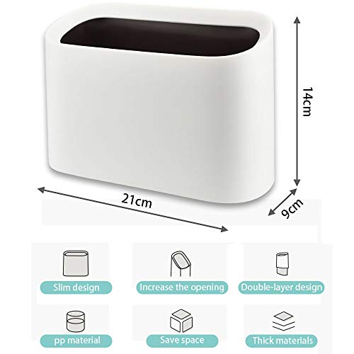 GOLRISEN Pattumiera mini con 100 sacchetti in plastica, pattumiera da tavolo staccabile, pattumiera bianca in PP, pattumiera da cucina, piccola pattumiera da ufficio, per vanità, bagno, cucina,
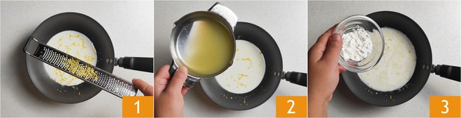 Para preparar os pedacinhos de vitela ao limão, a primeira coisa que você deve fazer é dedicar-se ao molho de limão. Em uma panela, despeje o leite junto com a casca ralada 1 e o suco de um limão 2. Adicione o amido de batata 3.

...

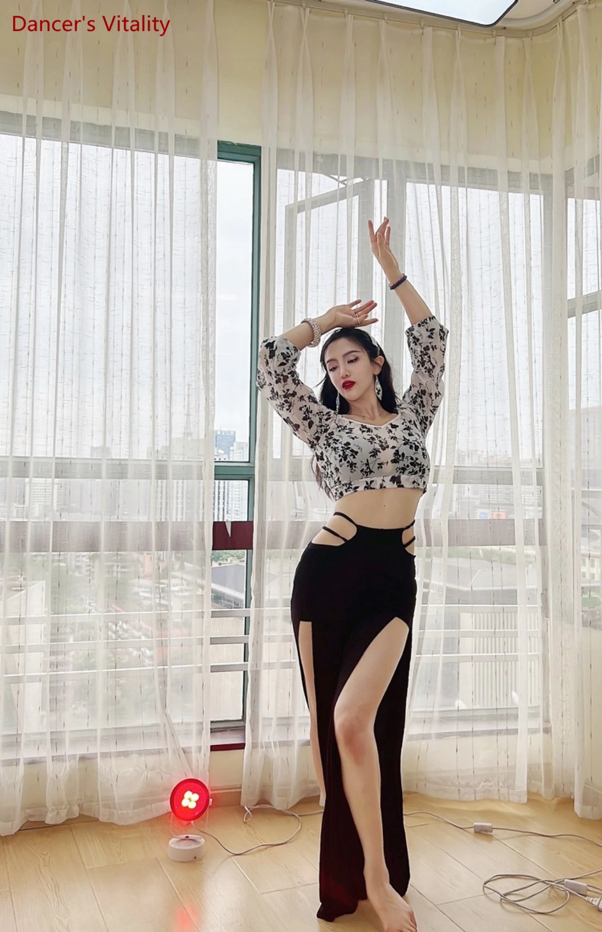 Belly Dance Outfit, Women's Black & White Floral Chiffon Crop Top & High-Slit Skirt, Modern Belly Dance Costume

--

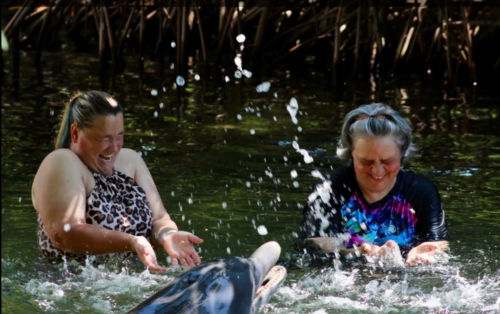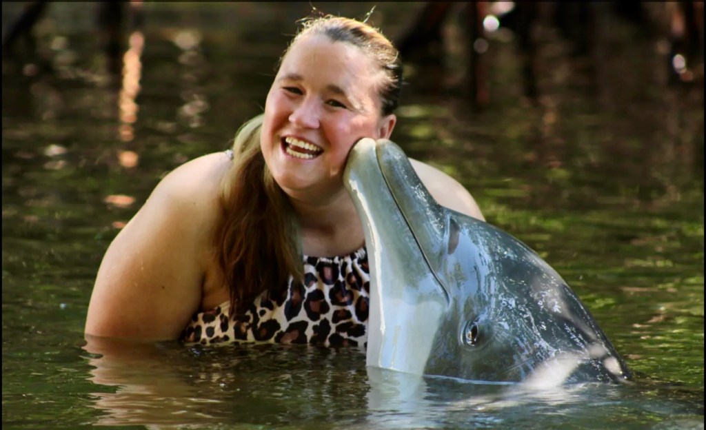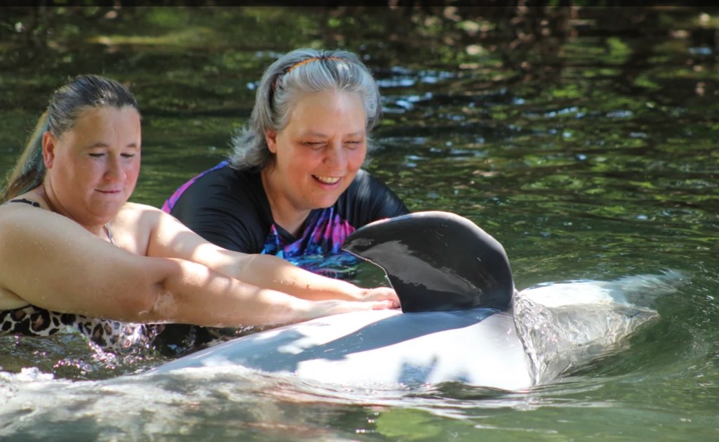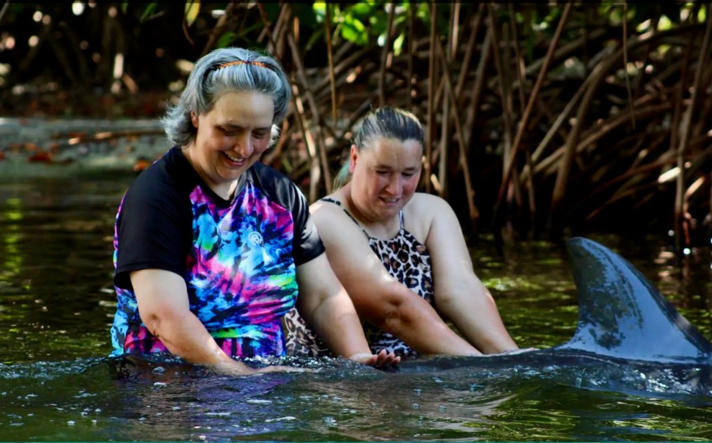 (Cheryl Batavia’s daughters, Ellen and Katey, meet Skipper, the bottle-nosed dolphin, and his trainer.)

### About this exercise
Begin at the line in the entries above that has "GOLRISEN Pattumiera mini", stop after the line that has "Para preparar os", and output exactly those lines without pictures.

### Written response
 GOLRISEN Pattumiera mini con 100 sacchetti in plastica, pattumiera da tavolo staccabile, pattumiera bianca in PP, pattumiera da cucina, piccola pattumiera da ufficio, per vanità, bagno, cucina,
 Para preparar os pedacinhos de vitela ao limão, a primeira coisa que você deve fazer é dedicar-se ao molho de limão. Em uma panela, despeje o leite junto com a casca ralada 1 e o suco de um limão 2. Adicione o amido de batata 3.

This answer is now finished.